Reproduce the lines below exactly. Begin with the first, end with the line containing "김판조 닭강정 옆을 지나가면 항상 사람들이 붐비거나 줄이 길게 서있어요.", and leave out the pictures.

Dataset items:
+++

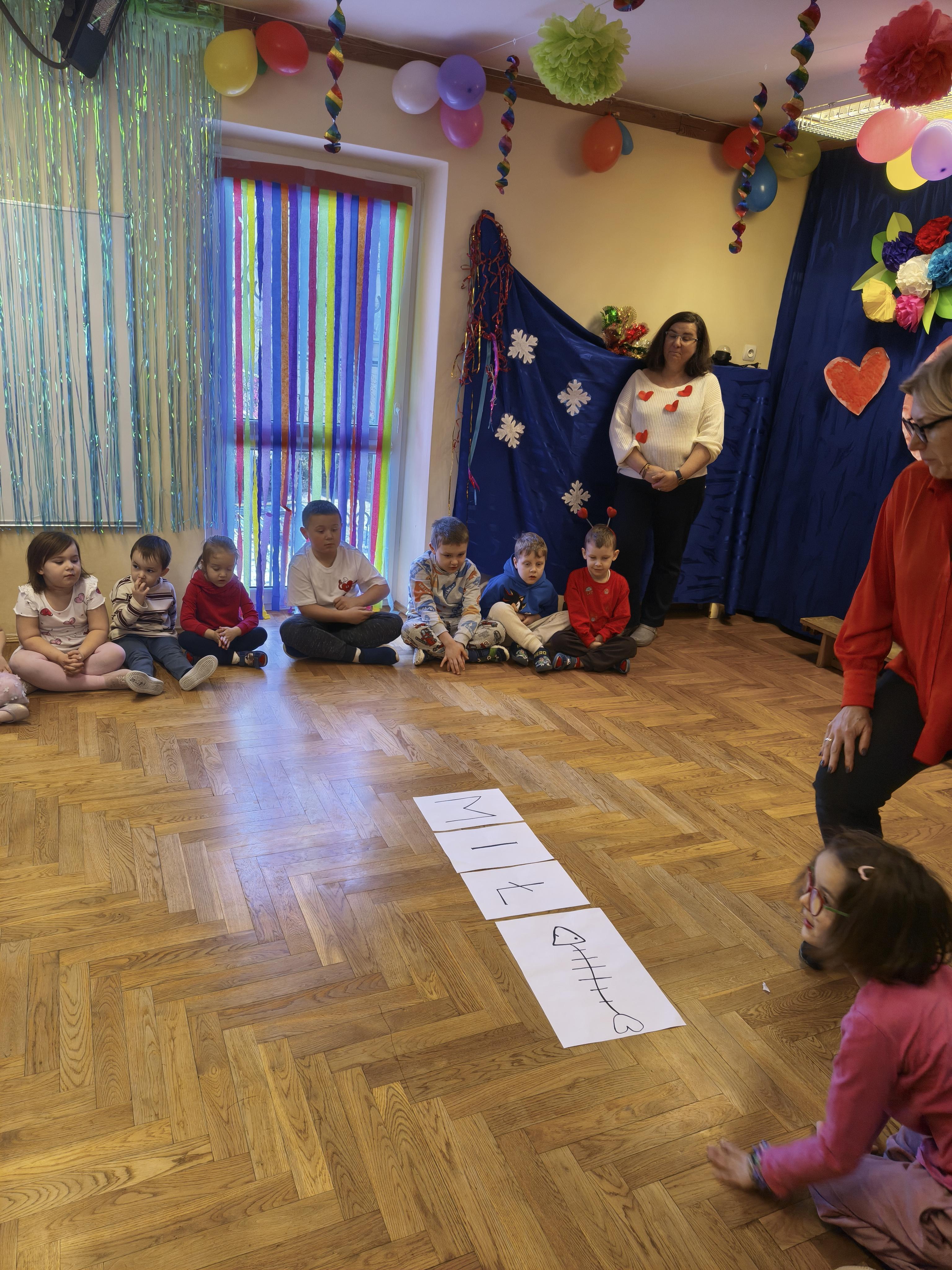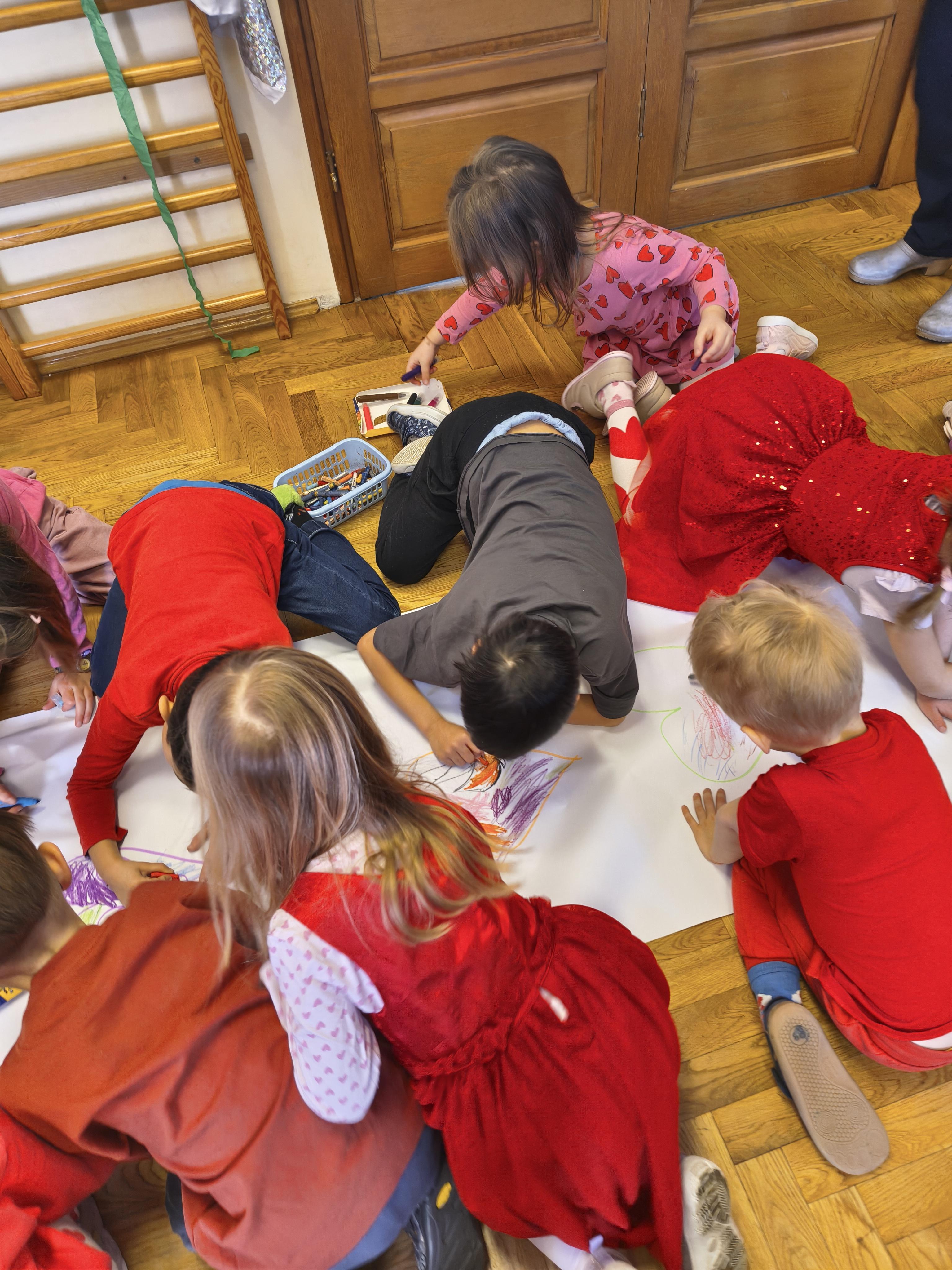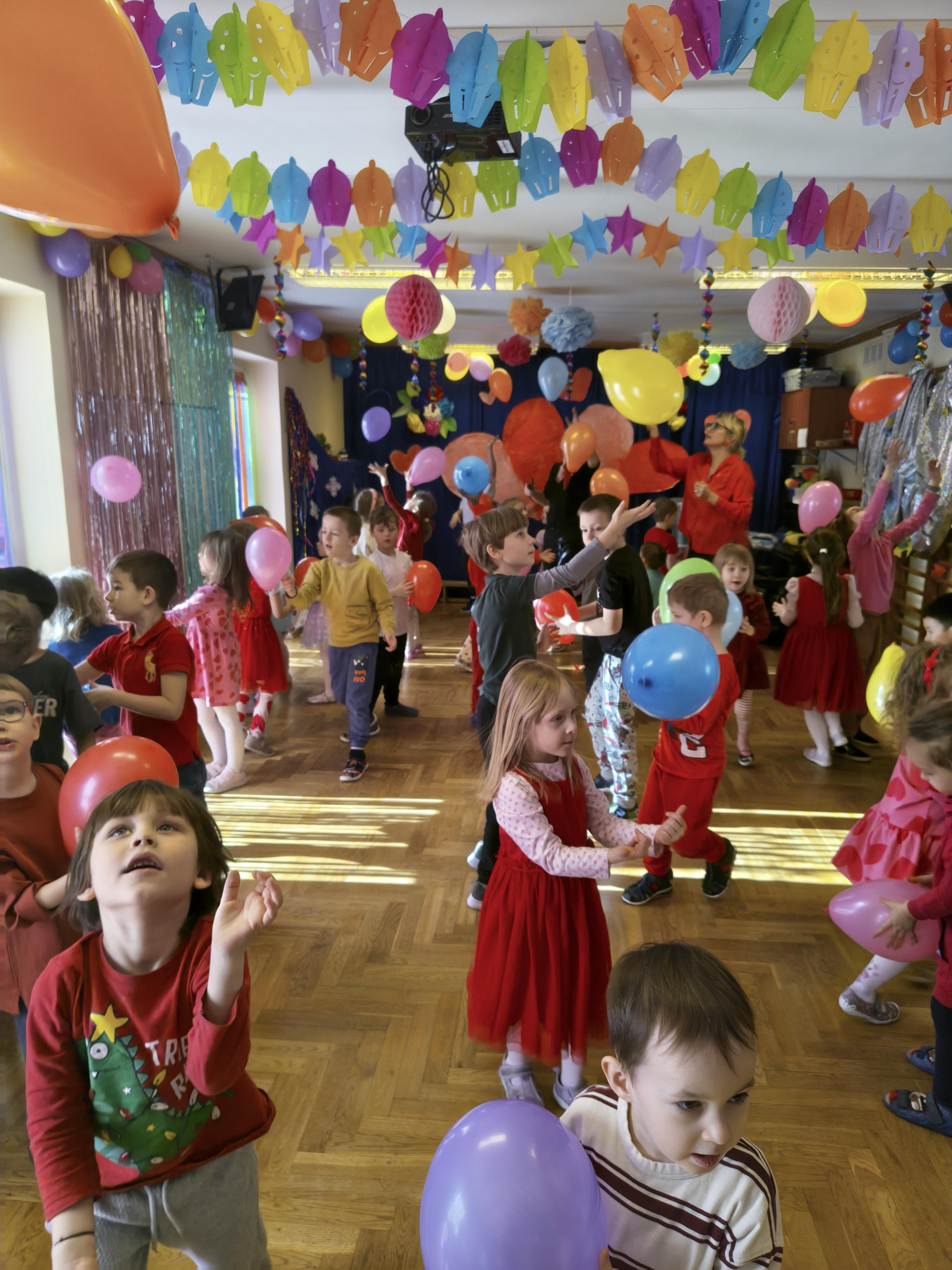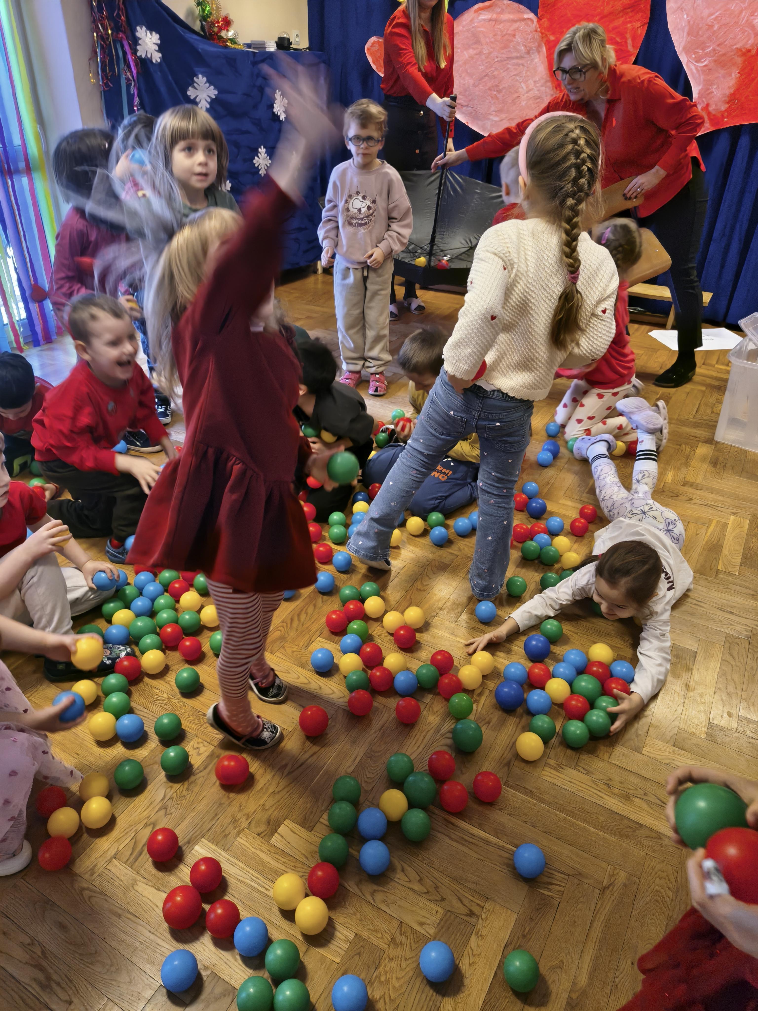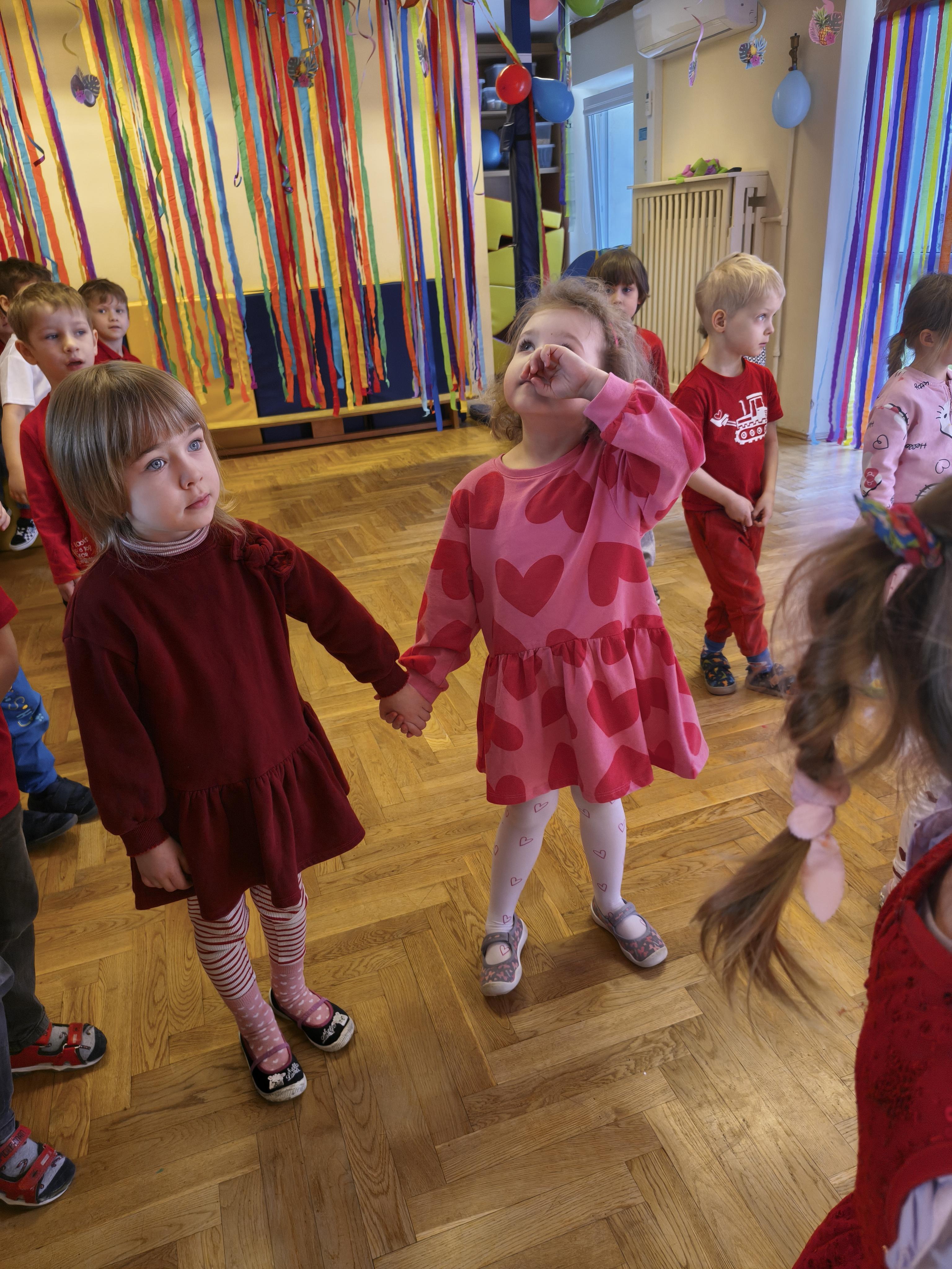 W poniedziałek 16 lutego dzieci spotkały się pięknie ubrane, w sali gimnastycznej, by wspólnie świętować. Walentynkowa zabawa była doskonałą okazją do budowania relacji, empatii i radości. Było wręczanie kartek z poczty walentynkowej, poszukiwanie przyjaciół, tańce z balonami, kolorowanie dywanu miłości, chusta animacyjna, Belgijka i losowanie imion przyszłych sympatii. Nie brakowało dobrej muzyki i uśmiechniętych buziaków!
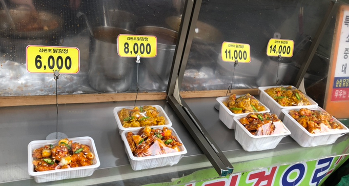 김판조 닭강정 옆을 지나가면 항상 사람들이 붐비거나 줄이 길게 서있어요.
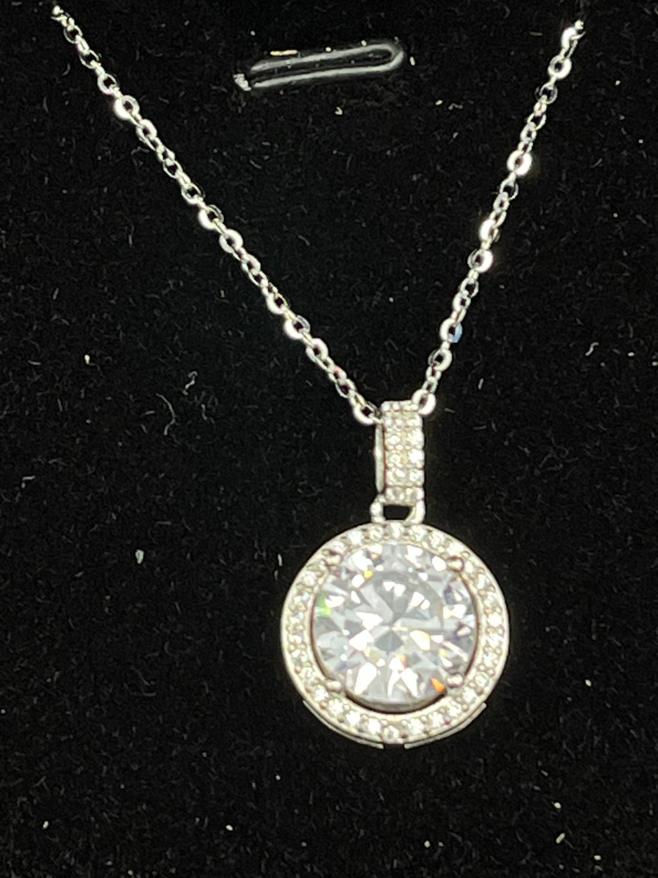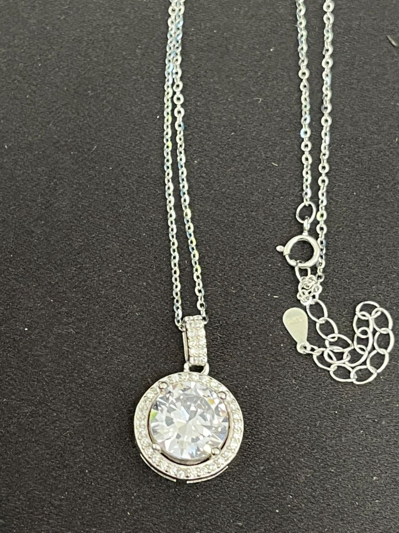 STERLING SILVER 4.0CT HALO NECKLACE, MOUNTED IN 925 STERLING SILVER WITH WHITE GOLD OVERLAY, ADJUSTABLE CHAIN 15" TO 17"
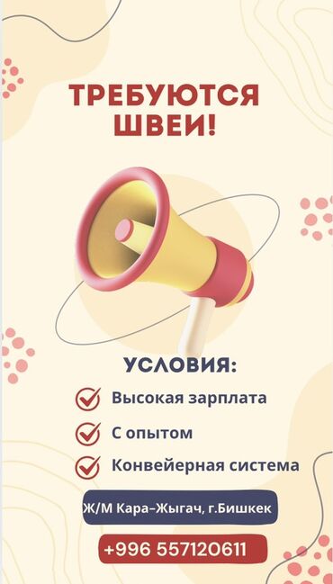 Опытный швеялар керек!!! Опыты жокторду уйротобуз!!! Выходной бар. Машинкалар автомат! Адрес. 12 микр. 20/3. Тел
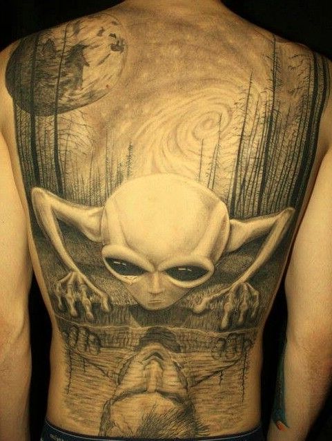 kosmita tatuaż na plecach
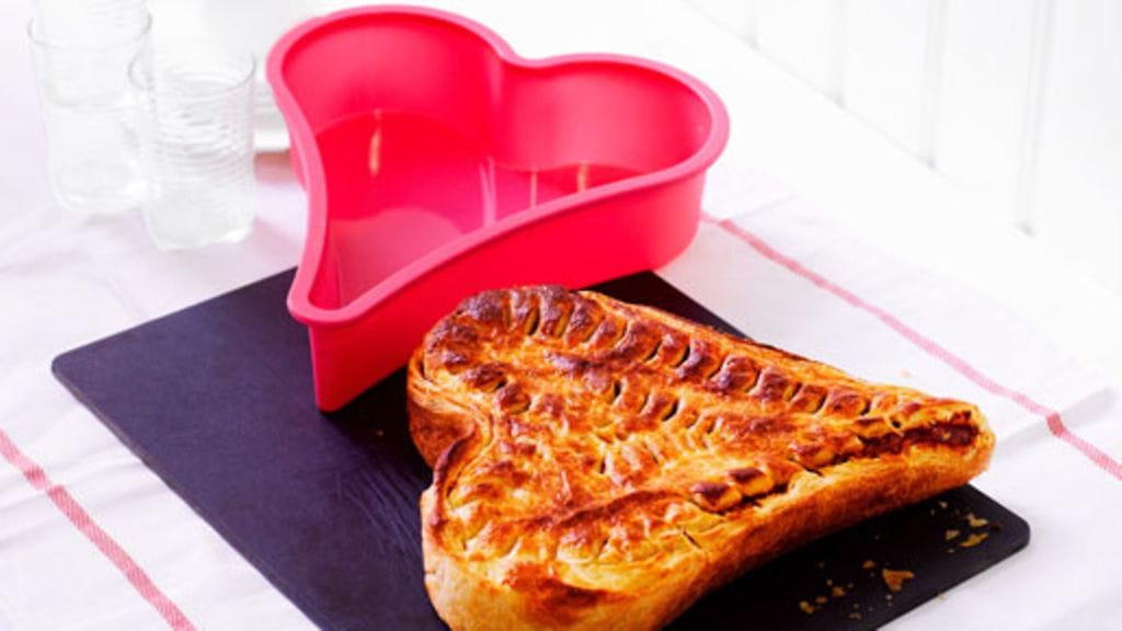 Käytä sydämen muotoista piirakkavuokaa, jos sellainen on, mutta voit valmistaa piirakan myös muun malliselle piirakkavuoalle. Kauli Isoa Lehtitaikinaa noin puolet ohuemmaksi. Leikkaa levystä vuoan kokoinen pala kansilevyksi piiraalle (jätä se pöydälle odottamaan). Kauli lopusta taikinasta vuoan + reunojen kokoinen levy vuoan pohjalle. Levitä täyte pohjalevylle vuokaan. Nosta kansi päälle. Sulje reunasaumat hyvin nipistäen yhteen. Kuvioi pinta saksien kärjellä.
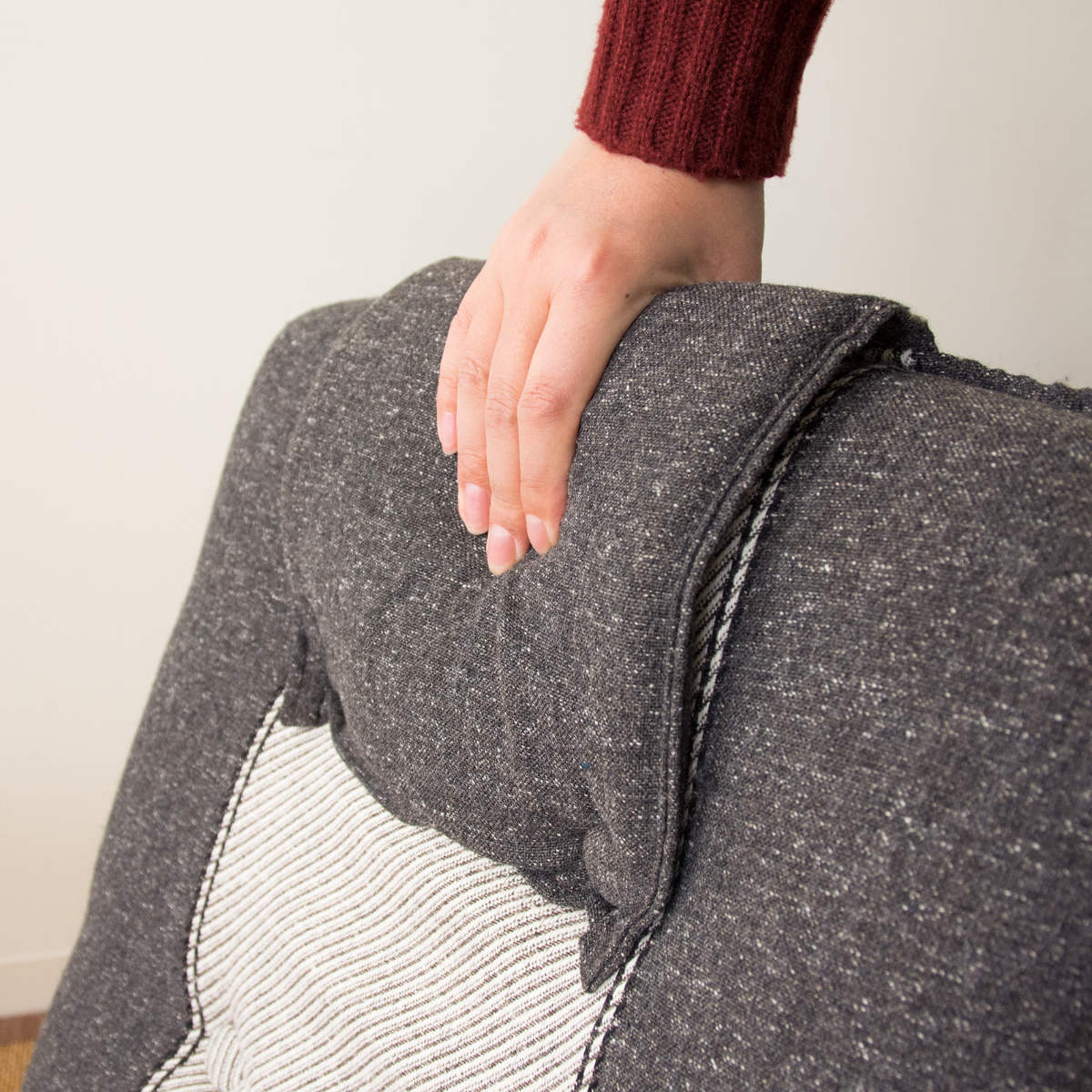 素材感の異なる生地を組み合わせた切り替えデザインを採用。素材感の違いにより張地にメリハリが生まれ、落ち着いた空間にもなじみやすい仕上がりです。

+++

The completed task:
 W poniedziałek 16 lutego dzieci spotkały się pięknie ubrane, w sali gimnastycznej, by wspólnie świętować. Walentynkowa zabawa była doskonałą okazją do budowania relacji, empatii i radości. Było wręczanie kartek z poczty walentynkowej, poszukiwanie przyjaciół, tańce z balonami, kolorowanie dywanu miłości, chusta animacyjna, Belgijka i losowanie imion przyszłych sympatii. Nie brakowało dobrej muzyki i uśmiechniętych buziaków!
 김판조 닭강정 옆을 지나가면 항상 사람들이 붐비거나 줄이 길게 서있어요.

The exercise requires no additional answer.